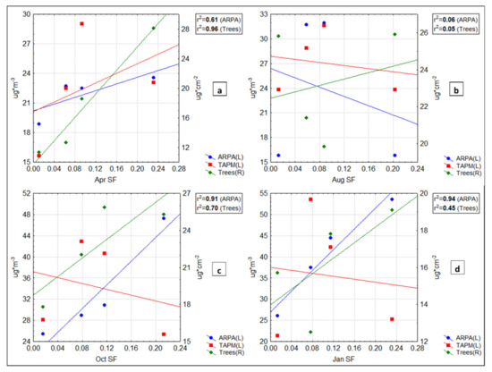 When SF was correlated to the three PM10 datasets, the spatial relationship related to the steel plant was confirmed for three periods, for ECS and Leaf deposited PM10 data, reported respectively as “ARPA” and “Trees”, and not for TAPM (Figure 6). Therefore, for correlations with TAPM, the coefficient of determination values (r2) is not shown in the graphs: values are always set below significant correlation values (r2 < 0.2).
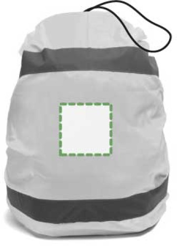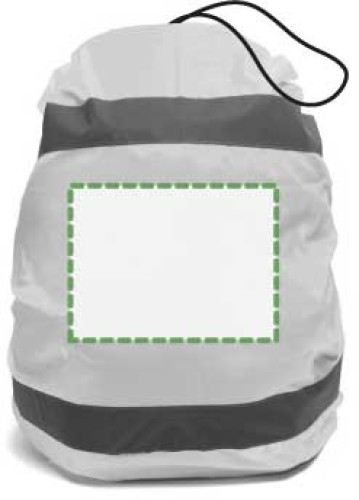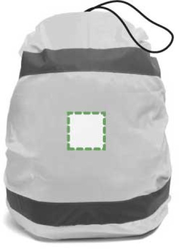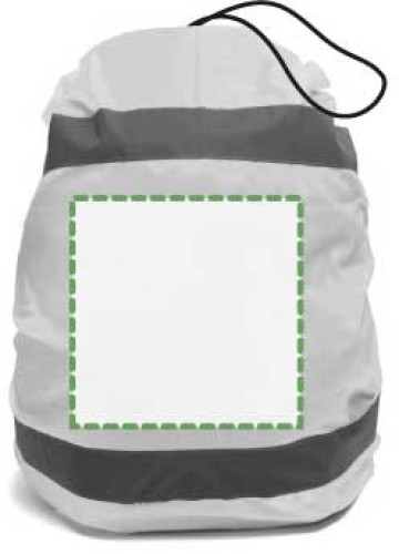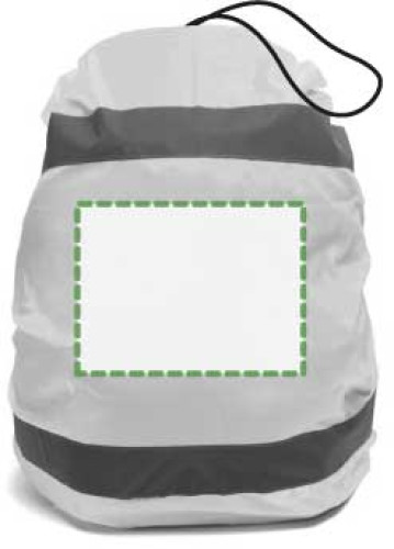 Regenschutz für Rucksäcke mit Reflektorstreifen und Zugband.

...

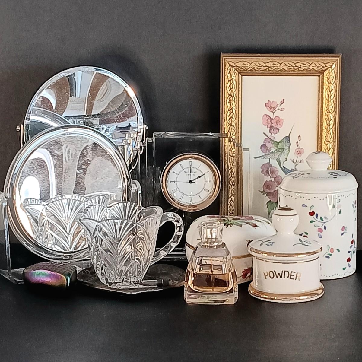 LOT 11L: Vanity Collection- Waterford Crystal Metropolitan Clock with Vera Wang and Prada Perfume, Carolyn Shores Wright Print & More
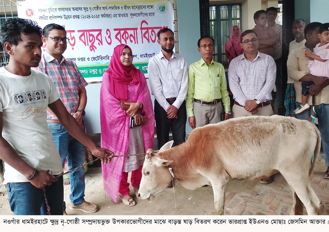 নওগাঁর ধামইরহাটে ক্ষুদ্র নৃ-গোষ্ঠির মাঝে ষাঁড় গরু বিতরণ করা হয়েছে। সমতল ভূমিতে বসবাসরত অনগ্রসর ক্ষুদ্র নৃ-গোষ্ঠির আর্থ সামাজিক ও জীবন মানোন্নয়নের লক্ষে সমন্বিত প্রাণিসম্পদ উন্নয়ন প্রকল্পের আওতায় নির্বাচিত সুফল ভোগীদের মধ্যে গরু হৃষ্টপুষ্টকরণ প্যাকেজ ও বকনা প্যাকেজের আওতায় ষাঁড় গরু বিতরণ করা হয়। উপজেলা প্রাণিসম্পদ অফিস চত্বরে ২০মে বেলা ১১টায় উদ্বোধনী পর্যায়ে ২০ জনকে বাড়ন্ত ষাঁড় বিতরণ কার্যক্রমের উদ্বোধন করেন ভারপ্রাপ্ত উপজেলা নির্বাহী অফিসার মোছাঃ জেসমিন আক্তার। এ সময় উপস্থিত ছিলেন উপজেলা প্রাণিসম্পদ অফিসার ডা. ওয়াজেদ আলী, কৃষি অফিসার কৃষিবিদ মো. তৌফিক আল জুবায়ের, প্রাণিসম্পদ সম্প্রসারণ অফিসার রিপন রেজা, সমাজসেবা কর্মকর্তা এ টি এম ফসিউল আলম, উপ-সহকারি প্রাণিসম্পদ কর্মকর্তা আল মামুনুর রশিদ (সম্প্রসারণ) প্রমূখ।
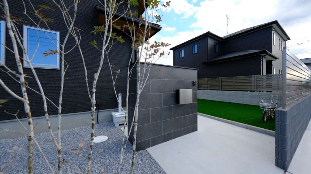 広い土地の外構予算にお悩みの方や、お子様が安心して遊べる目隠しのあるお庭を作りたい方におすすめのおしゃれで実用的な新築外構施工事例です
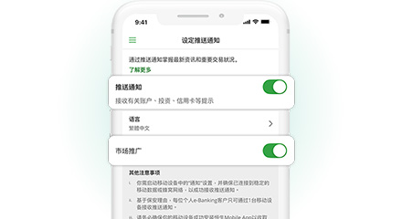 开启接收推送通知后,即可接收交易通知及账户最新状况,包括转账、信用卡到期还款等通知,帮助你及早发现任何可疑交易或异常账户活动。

> [Aim of the task] Beginning with the line holding "When SF was" in the material above, restate word for word each line through the line holding "Regenschutz für Rucksäcke", and exclude pictures.

> [Answer box]
 When SF was correlated to the three PM10 datasets, the spatial relationship related to the steel plant was confirmed for three periods, for ECS and Leaf deposited PM10 data, reported respectively as “ARPA” and “Trees”, and not for TAPM (Figure 6). Therefore, for correlations with TAPM, the coefficient of determination values (r2) is not shown in the graphs: values are always set below significant correlation values (r2 < 0.2).
 Regenschutz für Rucksäcke mit Reflektorstreifen und Zugband.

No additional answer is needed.